Using the entries that follow, transcribe only the lines from the line with "A Prefeitura de" to the line with "Trolley,Cart,Household Multi-Layer Trolleys,Cart", both included, exactly as they stand and without pictures.

--- PROVIDED RECORDS Enclosed Below ---

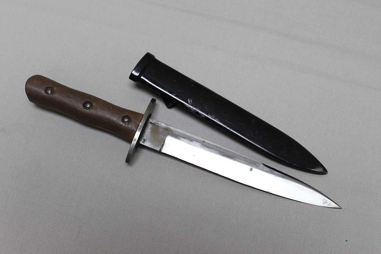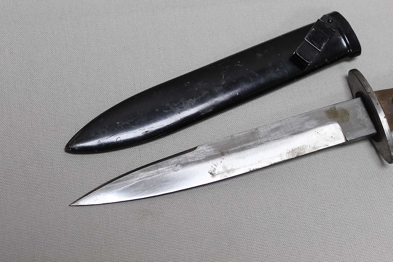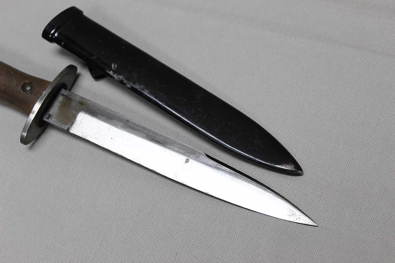 Additional Notes: The M39 Fighting Knife, also known as the Pugnale M1939, was a combat dagger issued to Italian troops during WW2. It was primarily used by paratroopers, sapper units, and other assault troops. The design was influenced by the Austrian Sturmesser Model 1917, which had been widely used by Italian forces between the wars. The knife was typically issued to assault troops, but later in the war, it was also used by Camice Nere battalions, the Navy’s S. Marco regiment, and other military branches. Some photos show Italian SS, Decima MAS, and paratroopers proudly carrying the M39 at their belts.
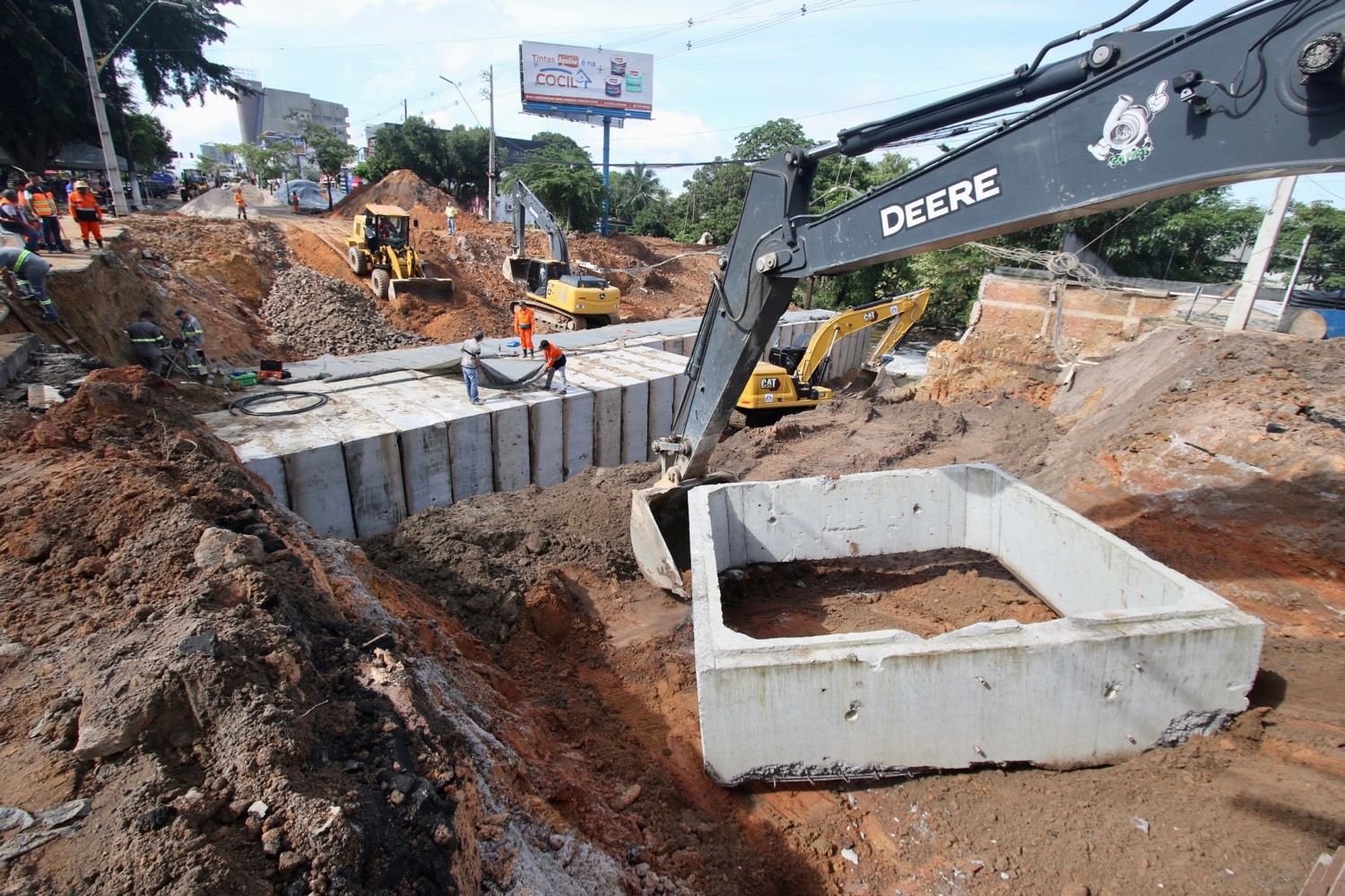 A Prefeitura de Manaus, por meio da Secretaria Municipal de Infraestrutura (Seminf), iniciou a implantação da segunda linha de tubulação com aduela de concreto no novo sistema de drenagem na avenida Djalma Batista. A intervenção acontece, neste sábado, 18/2, completando 72 horas de trabalhos ininterruptos no local.
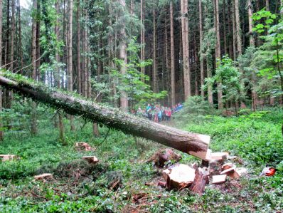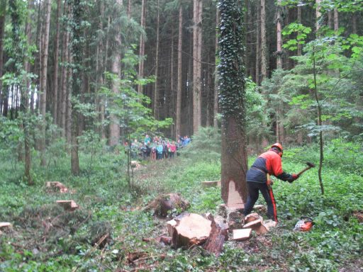 Ein gewaltiges Erlebnis war die Fällung einer Fichte, die vom Borkenkäfer befallen war. Dazu erklärte der Förster vor dem Umschneiden: „Der Borkenkäfer bohrt sich in die Rinde, wenn der Baum gesund ist, kann er sich mit seinem Wachs wehren. Wenn er aber zu wenig Wasser hat und durch die Trockenheit geschwächt ist, dann hat der Käfer leichtes Spiel. Der Borkenkäfer legt Eier, die Larven fressen unter der Rinde, so dass der Saftfluss unterbrochen ist und der Baum abstirbt“. In seinen weiteren Erklärungen sagte Georg Aicher, dass der fertige Käfer nicht weit fliegen will und schnell die benachbarten Bäume befällt, die dann ebenfalls absterben. Deswegen ist es wichtig, dass die Waldbesitzer ihren Baumbestand ständig kontrollieren und bei Käferbefall reagieren. Interessiert verfolgten die Dirndl und Buam –mit reichlich Sicherheitsabstand- die perfekte Baumfällung, anschließend nahmen sie mit Jäger Fritz Fuihl die Zählung der Jahresringe vor. „Dieser Baum war erst 60 Jahre alt und musste umgeschnitten werden, oft werden die Bäume aber doppelt so alt und noch älter“ – so Fritz Fuihl, der mit seiner Frau Sieglinde zum Abschluss noch für jede Schülerin und jeden Schüler ein Eis und Getränke parat hatte. „Das war heute ein schöner Unterricht, der Dritte-Klasse-Wald ist so richtig erstklassig“ – so das einstimmige Urteil vor dem Rückmarsch zur Schule.
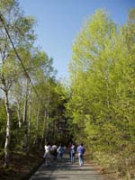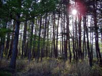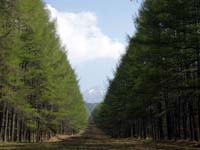 お茶を堪能したあと鉢巻道路を原村方向に走らせると途中カラ松林の中を通るのだが、こちらも天気が良く眺めが良かったのでちょっと散策することに。お弁当を持った家族ずれなども訪れてていたりしてほのぼのしているといった感じであった。 |
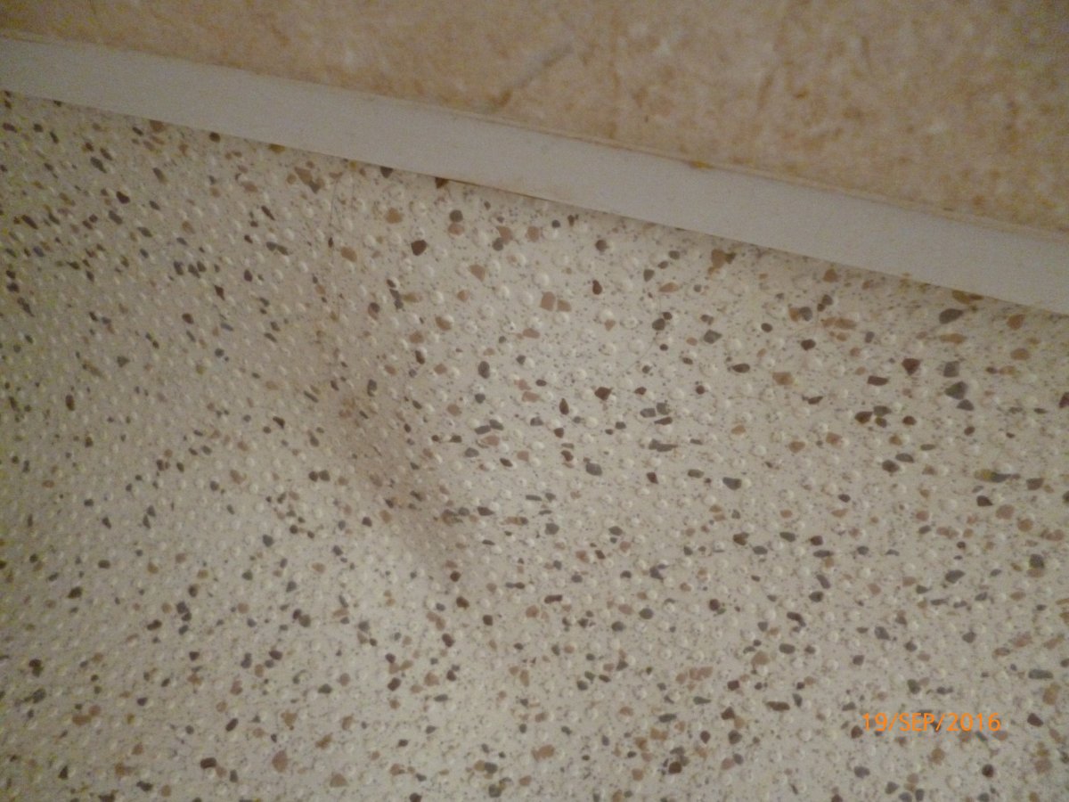 Plaster might of blown when gluing it on. Might not of been rolled up upstands.
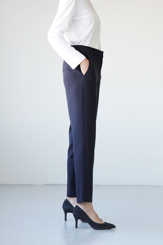 ウエスト、ヒップ、太ももには余裕を持たせ、膝上から裾にかけては、もたつかないきれいなシルエットに。
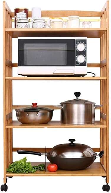 Trolley,Cart,Household Multi-Layer Trolleys,Cart Family Bar Bamboo Material Height Adjustable Swivel Castors Multifunction Easy to Assemble, 18 Sizes,Brown,102X123Cm
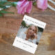 Las simples y elegantes tarjetas de oración de fotos proporcionan comodidad a cualquiera que asista a un funeral, servicio funerario o despertador. El diseño clásico de tarjetas con una bifurcación de buen gusto se puede personalizar con su propia información. La parte trasera tiene un sentimiento de oración que está disponible para usar. Puede adaptarlo como desee o eliminarlo por completo.

--- End of Enclosed PROVIDED RECORDS ---

- YOUR RESPONSE
 A Prefeitura de Manaus, por meio da Secretaria Municipal de Infraestrutura (Seminf), iniciou a implantação da segunda linha de tubulação com aduela de concreto no novo sistema de drenagem na avenida Djalma Batista. A intervenção acontece, neste sábado, 18/2, completando 72 horas de trabalhos ininterruptos no local.
 Ein gewaltiges Erlebnis war die Fällung einer Fichte, die vom Borkenkäfer befallen war. Dazu erklärte der Förster vor dem Umschneiden: „Der Borkenkäfer bohrt sich in die Rinde, wenn der Baum gesund ist, kann er sich mit seinem Wachs wehren. Wenn er aber zu wenig Wasser hat und durch die Trockenheit geschwächt ist, dann hat der Käfer leichtes Spiel. Der Borkenkäfer legt Eier, die Larven fressen unter der Rinde, so dass der Saftfluss unterbrochen ist und der Baum abstirbt“. In seinen weiteren Erklärungen sagte Georg Aicher, dass der fertige Käfer nicht weit fliegen will und schnell die benachbarten Bäume befällt, die dann ebenfalls absterben. Deswegen ist es wichtig, dass die Waldbesitzer ihren Baumbestand ständig kontrollieren und bei Käferbefall reagieren. Interessiert verfolgten die Dirndl und Buam –mit reichlich Sicherheitsabstand- die perfekte Baumfällung, anschließend nahmen sie mit Jäger Fritz Fuihl die Zählung der Jahresringe vor. „Dieser Baum war erst 60 Jahre alt und musste umgeschnitten werden, oft werden die Bäume aber doppelt so alt und noch älter“ – so Fritz Fuihl, der mit seiner Frau Sieglinde zum Abschluss noch für jede Schülerin und jeden Schüler ein Eis und Getränke parat hatte. „Das war heute ein schöner Unterricht, der Dritte-Klasse-Wald ist so richtig erstklassig“ – so das einstimmige Urteil vor dem Rückmarsch zur Schule.
 お茶を堪能したあと鉢巻道路を原村方向に走らせると途中カラ松林の中を通るのだが、こちらも天気が良く眺めが良かったのでちょっと散策することに。お弁当を持った家族ずれなども訪れてていたりしてほのぼのしているといった感じであった。 |
 Plaster might of blown when gluing it on. Might not of been rolled up upstands.
 ウエスト、ヒップ、太ももには余裕を持たせ、膝上から裾にかけては、もたつかないきれいなシルエットに。
 Trolley,Cart,Household Multi-Layer Trolleys,Cart Family Bar Bamboo Material Height Adjustable Swivel Castors Multifunction Easy to Assemble, 18 Sizes,Brown,102X123Cm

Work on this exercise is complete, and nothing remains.